Models proposed for the regulation of imprinting in maize endosperm. (A) Model for maternally activated MEGs. MEGs expressing specifically in endosperm are probably maternally activated. Most of these MEGs are associated with pDMRs located around the upstream and 5′ portion of gene body regions. In central cells, the methylation of pDMR regions can be removed by DME-like demethylase, but not in sperm cells. After fertilization, pDMRs that were identified in the endosperm exhibit maternal DNA demethylation and paternal DNA hypermethylation. Maternal DNA demethylation of these MEGs results in their maternally preferred expression. (B) Model for paternally repressed MEGs. MEGs expressing in endosperm but also in other tissues are probably paternally repressed. The nonexpression of the paternal alleles of these MEGs may have resulted from paternally specific unknown repressor(s). (C) Model for maternally repressed PEGs. PEGs expressing in endosperm but also in other tissues are probably maternally repressed. Paternal preferred expressions of these PEGs require both DNA methylation and H3K27me3. In central cells, DNA methylation in pDMRs is removed, but not in sperm cells. In the endosperm, H3K27me3 only targeted to the maternal alleles with DNA demethylation of the pDMR regions (demonstrated by maternal-specific H3K27me3).
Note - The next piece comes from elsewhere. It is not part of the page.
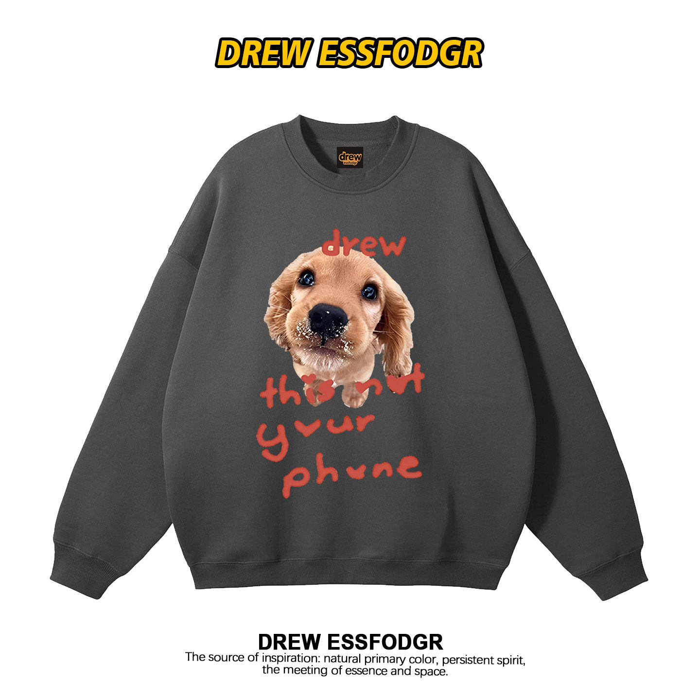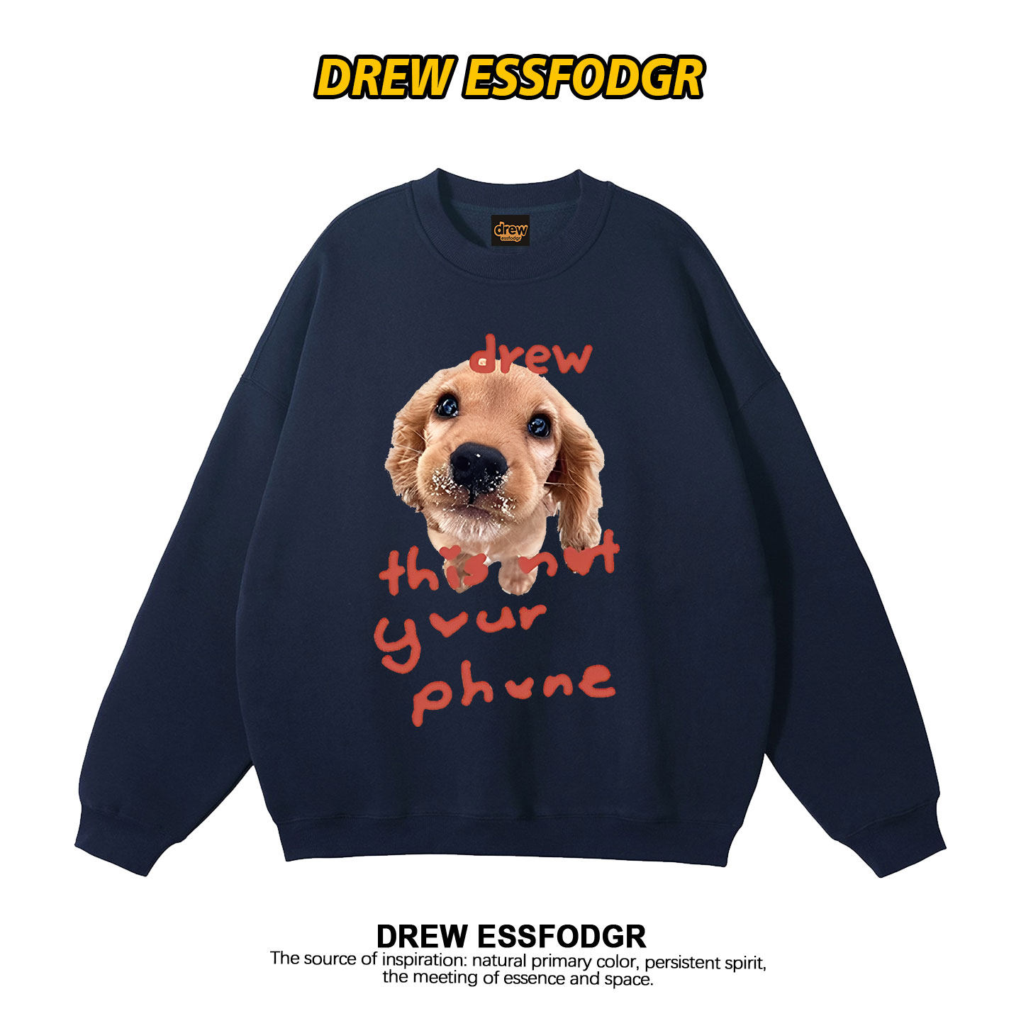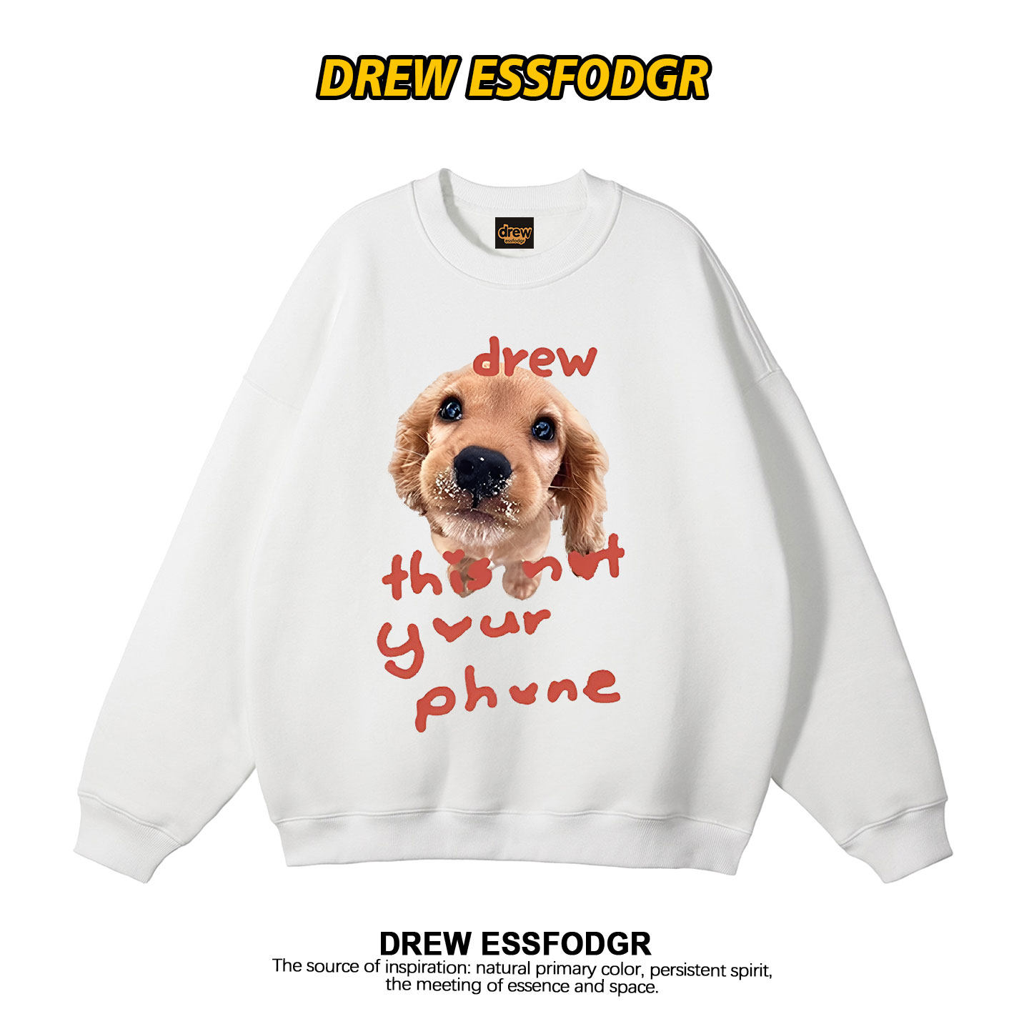 drew美式复古潮牌金毛狗狗印花圆领卫衣男女情侣宽松秋冬加绒上衣

As the paternal alleles remain hypermethylated, they cannot be targeted by H3K27me3. Repression of the maternal alleles by H3K27me3 led to the paternal preferred expression of these PEGs. (D) Model for paternally activated PEGs. PEGs expressing specifically in endosperm are probably paternally activated (de-repressed) PEGs. In other tissues, these PEGs possibly possess biallelic H3K27me3 peaks. As only maternal-specific H3K27me3 peaks were identified in endosperm, it is likely that for these PEGs, their paternal alleles have lost their H3K27me3, which resulted in paternally specific expression. The dashed boxes around the central cell and sperm cell indicate that the gene expression and chromatin modification in these tissues have not been supported by experimental data.